With the pictures removed, write out the full listing below exactly.

DATA BLOCK:
+-------+
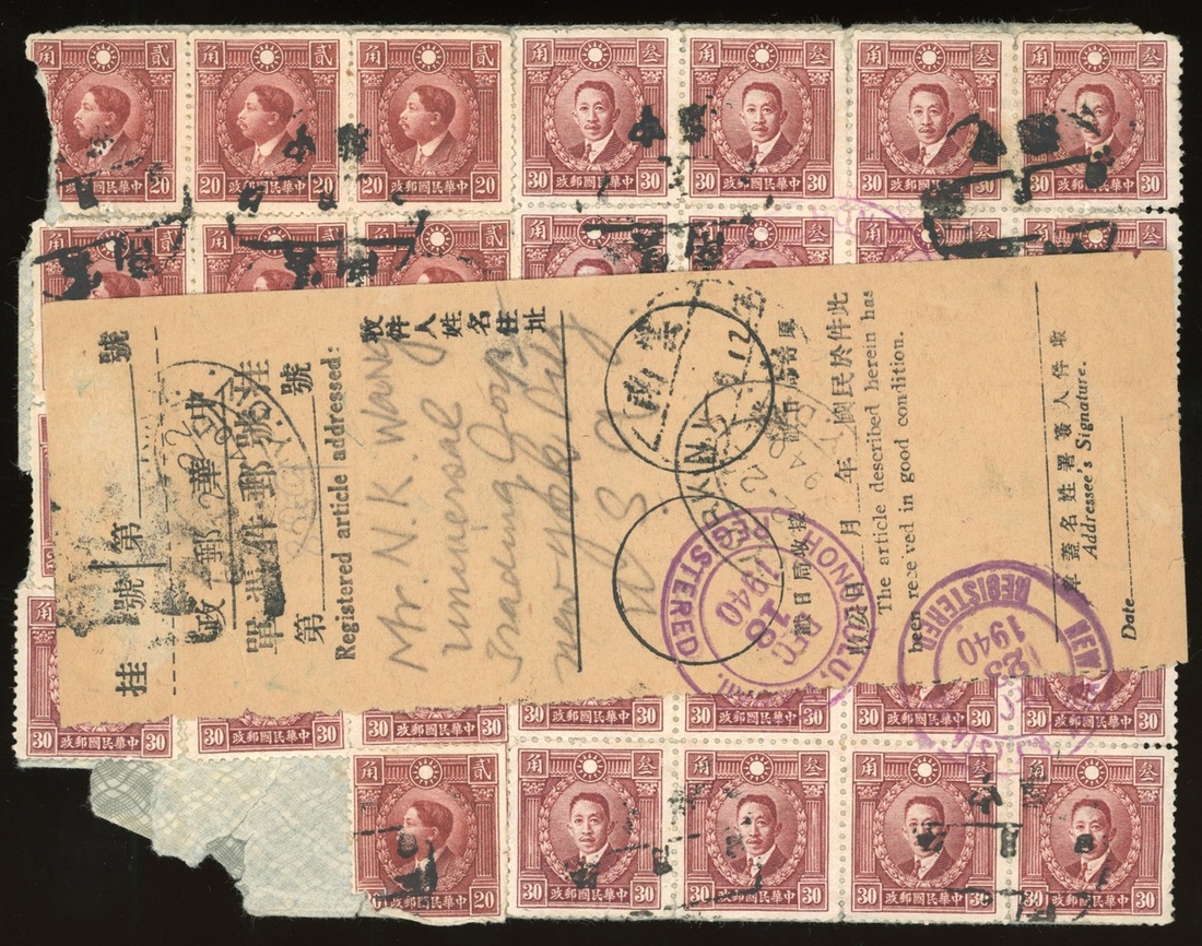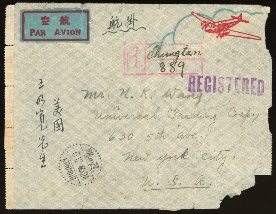 1940 (5 Dec.) airmail registered envelope to U.S.A. bearing on reverse Martyrs 30c.(23), 20c. (10), opening tear at right, some stamps missing when open, cancelled by Chungtan undated Chinese h.s. with hand fill date, matching with registration slip and framed h.s. in red on front, showing Kunming (6.12), Honolulu (18.12) transit c.d.s and arrival c.d.s. (22.12), fine.
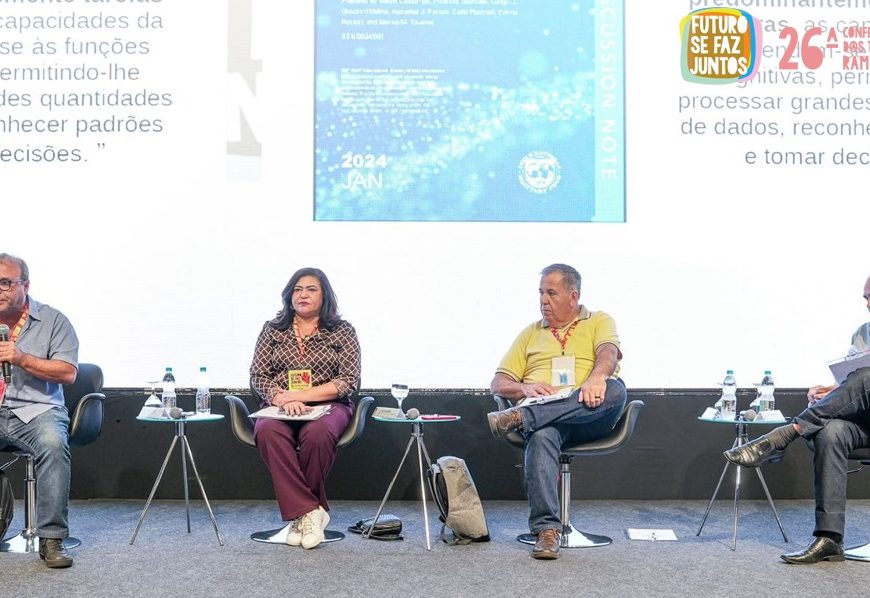 Dando continuidade à 26ª Conferência Nacional dos Trabalhadores do Ramo Financeiro (Contraf-CUT), a segunda mesa do dia trouxe uma conversa com o doutor em Ciências Políticas da Universidade de São Paulo (USP) e professor da Universidade Federal do ABC (UFABC), Sérgio Amadeu. O tema da mesa foi “Inteligência Artificial (IA) e seus impactos na vida, no emprego e na sociedade”.
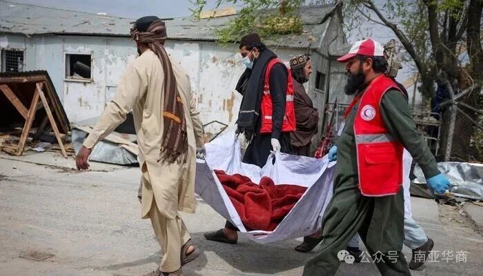(2026年3月17日,在阿富汗喀布尔,红新月会志愿者抬着一名遇难者的遗体。)
+-------+
ANSWER:
 1940 (5 Dec.) airmail registered envelope to U.S.A. bearing on reverse Martyrs 30c.(23), 20c. (10), opening tear at right, some stamps missing when open, cancelled by Chungtan undated Chinese h.s. with hand fill date, matching with registration slip and framed h.s. in red on front, showing Kunming (6.12), Honolulu (18.12) transit c.d.s and arrival c.d.s. (22.12), fine.
 Dando continuidade à 26ª Conferência Nacional dos Trabalhadores do Ramo Financeiro (Contraf-CUT), a segunda mesa do dia trouxe uma conversa com o doutor em Ciências Políticas da Universidade de São Paulo (USP) e professor da Universidade Federal do ABC (UFABC), Sérgio Amadeu. O tema da mesa foi “Inteligência Artificial (IA) e seus impactos na vida, no emprego e na sociedade”.
(2026年3月17日,在阿富汗喀布尔,红新月会志愿者抬着一名遇难者的遗体。)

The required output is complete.